Word for word, give the data again without its pictures.

Stored data:
# # # # # # #

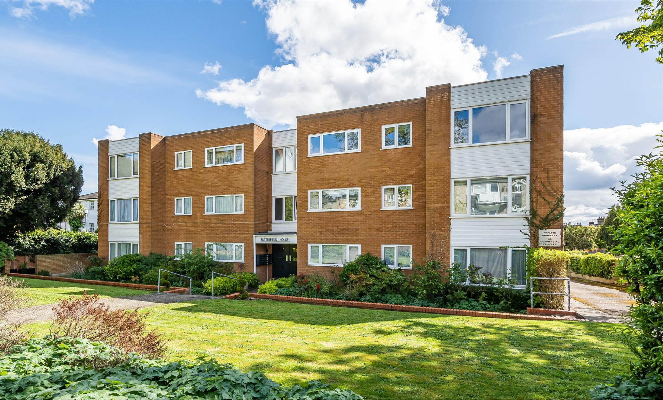
Butterfield House, Bycullah Road, Enfield, EN2 8EZ
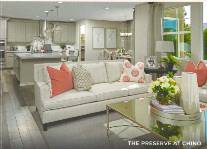
THE PRESERVE AT CHINO
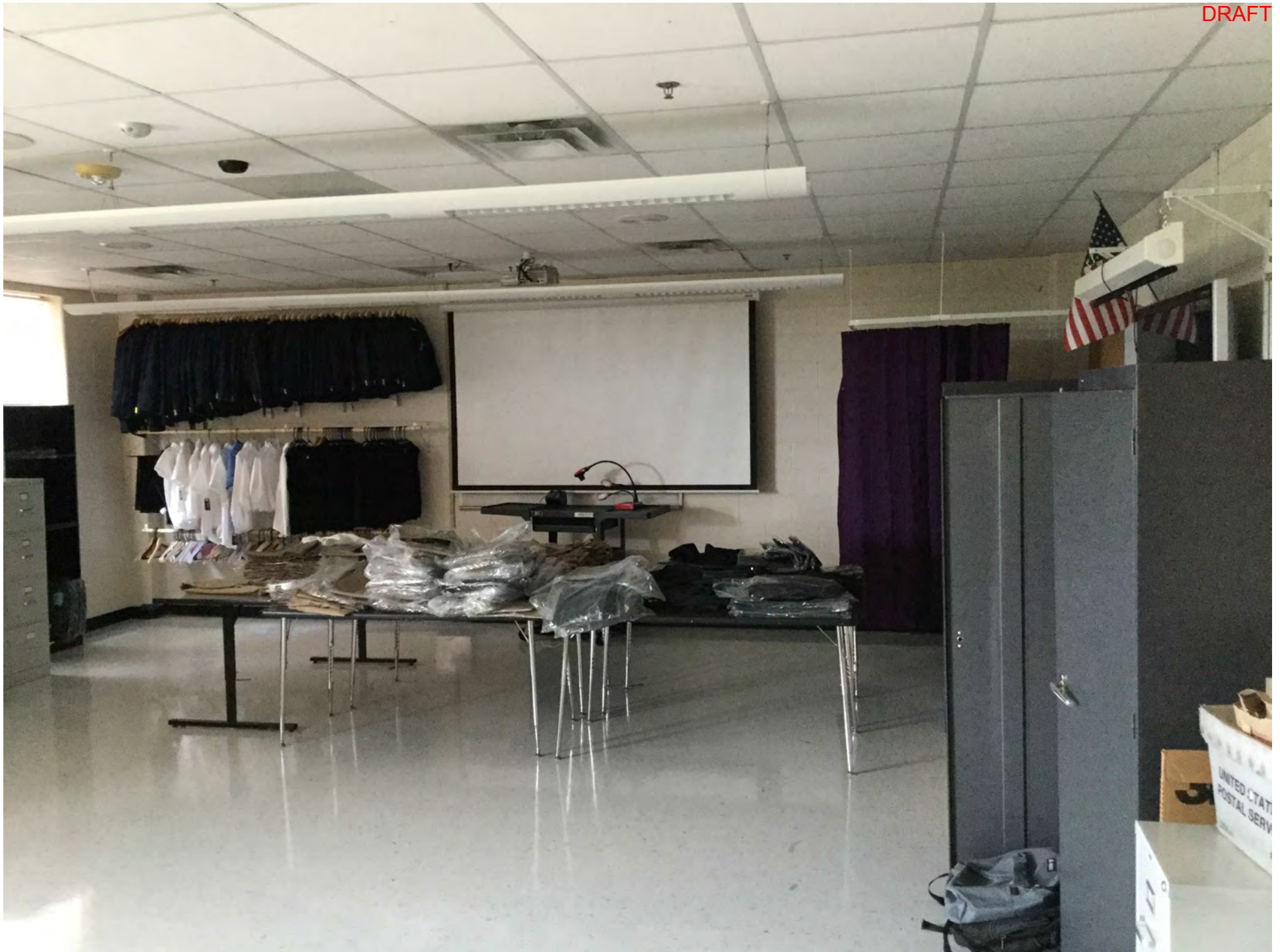
Photo 9. Storage

# # # # # # #

Response to this task:
Butterfield House, Bycullah Road, Enfield, EN2 8EZ
THE PRESERVE AT CHINO
Photo 9. Storage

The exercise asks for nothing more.